The irony is that most of the conventional resistance to Japan came not from Mao Zedong’s Communist forces, but from Chiang Kai-shek’s Nationalist army — the same Nationalists who later fled to Taiwan. By standing alongside Xi and possibly even Russian President Vladimir Putin, Trump would risk endorsing this misleading version of history.
That, in turn, would alienate two of America’s strategic partners in East Asia, namely Japan and Taiwan. Taiwan, in particular, would have reason to feel betrayed. Its very identity is rooted in the struggle against the same Chinese Communist Party that now seeks to erase its role, and seemingly its existence, from the annals of history.

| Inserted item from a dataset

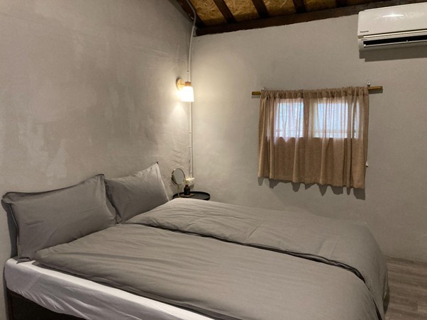 「楊桃墅」是一棟保留古樸元素的合院式老宅,因中庭座落著一棵30多歲的楊桃樹而得名。空間內部設有獨立衛浴套房、雅房及背包房,並配備公用客廳與廚房,保留了非制式且充滿人味的居住尺度。對於入住的旅人而言,這裡最大的特色在於其獨特的「空間氛圍」:白天與夜晚節奏分明,周遭與稻田、社區日常緊密相鄰,讓居住者能真切感受到「住在社區裡,而不是住在景點旁」的生活感。

South Korea, too, would draw the wrong conclusions. Lee Jae-myung, the left-leaning president, has reportedly decided not to attend the same ceremony as a quiet signal of the importance of maintaining his country’s alignment with Washington.
Trump’s presence could undercut this calculation, emboldening voices within Seoul that favor a tilt toward Beijing. It would surely sow confusion among American allies in East Asia at a time when Washington is demanding their deeper support for its Indo-Pacific strategy to counter China.
There is also precedent to consider. In 2015, then-President Park Geun-hye of South Korea attended the same parade as the only US ally to do so. While she sought to strike a delicate diplomatic balance, the visit spectacularly backfired.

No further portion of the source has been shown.